Background: Advanced gastric cancer sometimes causes macroscopic serosal change (MSC) due to direct invasion or inflammation. However, the prognostic significance of MSC remains unclear.
Methods: We retrospectively reviewed the clinical records of 1410 patients who had been diagnosed with deeper-than-pathological-T2 gastric cancer and undergone R0 gastrectomy with lymph node dissection between January 2000 and December 2012 at the National Cancer Center Hospital, Japan.
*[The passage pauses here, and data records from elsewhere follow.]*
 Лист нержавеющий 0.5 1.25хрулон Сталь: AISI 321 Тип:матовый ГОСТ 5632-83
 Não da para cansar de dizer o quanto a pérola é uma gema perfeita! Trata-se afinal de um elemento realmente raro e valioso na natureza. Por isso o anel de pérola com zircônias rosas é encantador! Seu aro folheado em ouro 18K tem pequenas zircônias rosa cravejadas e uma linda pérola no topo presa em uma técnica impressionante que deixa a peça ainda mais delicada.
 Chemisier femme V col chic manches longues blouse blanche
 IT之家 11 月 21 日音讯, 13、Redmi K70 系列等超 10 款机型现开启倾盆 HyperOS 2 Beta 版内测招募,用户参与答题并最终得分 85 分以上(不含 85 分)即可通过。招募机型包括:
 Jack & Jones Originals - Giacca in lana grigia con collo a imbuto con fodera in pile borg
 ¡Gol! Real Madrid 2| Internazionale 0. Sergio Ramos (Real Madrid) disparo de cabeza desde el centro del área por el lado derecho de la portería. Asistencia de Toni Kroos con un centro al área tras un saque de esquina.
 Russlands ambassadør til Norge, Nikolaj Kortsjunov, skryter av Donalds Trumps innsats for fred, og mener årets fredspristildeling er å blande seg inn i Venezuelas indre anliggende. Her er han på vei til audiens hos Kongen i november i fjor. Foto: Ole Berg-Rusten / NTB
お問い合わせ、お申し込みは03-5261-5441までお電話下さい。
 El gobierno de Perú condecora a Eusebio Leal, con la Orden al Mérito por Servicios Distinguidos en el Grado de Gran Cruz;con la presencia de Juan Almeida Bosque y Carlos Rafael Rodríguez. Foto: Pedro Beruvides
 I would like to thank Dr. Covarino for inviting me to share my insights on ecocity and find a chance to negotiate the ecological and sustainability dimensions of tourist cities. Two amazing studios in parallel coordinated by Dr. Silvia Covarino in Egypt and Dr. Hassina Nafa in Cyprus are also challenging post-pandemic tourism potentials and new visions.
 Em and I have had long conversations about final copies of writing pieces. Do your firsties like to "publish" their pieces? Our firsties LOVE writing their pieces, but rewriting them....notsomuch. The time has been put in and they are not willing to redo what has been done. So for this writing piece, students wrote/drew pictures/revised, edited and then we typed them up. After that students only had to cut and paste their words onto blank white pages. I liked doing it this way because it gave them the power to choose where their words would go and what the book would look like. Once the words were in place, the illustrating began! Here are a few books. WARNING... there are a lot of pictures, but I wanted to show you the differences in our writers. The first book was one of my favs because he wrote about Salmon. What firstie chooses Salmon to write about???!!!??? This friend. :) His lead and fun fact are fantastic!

Results: MSC was not found in 108 of the 506 patients with pathological T4a (21.3%), whereas it was detected in 250 of the 904 patients with pathological T2-T3 (27.7%). The sensitivity, specificity and accuracy for diagnosing pathological serosa exposed (SE) by MSC were 78.7%, 72.3% and 74.6%, respectively. The MSC-positive cases had a worse 5-year overall survival (OS) than the MSC-negative cases in pT3 (72.9% vs. 84.3%, p=0.001), pT4a (56.2% vs. 73.4%, p=0.001), pStageIIB (76.0% vs. 88.4%, p=0.005), pStageIIIA (63.4% vs. 75.6%, p=0.019), pStageIIIB (53.6% vs. 69.2%, p=0.029) and pStage IIIC (27.6% vs. 50.0%, p=0.062). A multivariate analysis showed that MSC was a significant independent predictor for the OS (hazard ratio [HR], 1.587) along with the tumor depth (HR, 7.742), nodal status (HR, 5.783) and age (HR, 2.382). Peritoneal recurrence rates were higher in the MSC-positive cases than in the MSC-negative cases at each pT stage.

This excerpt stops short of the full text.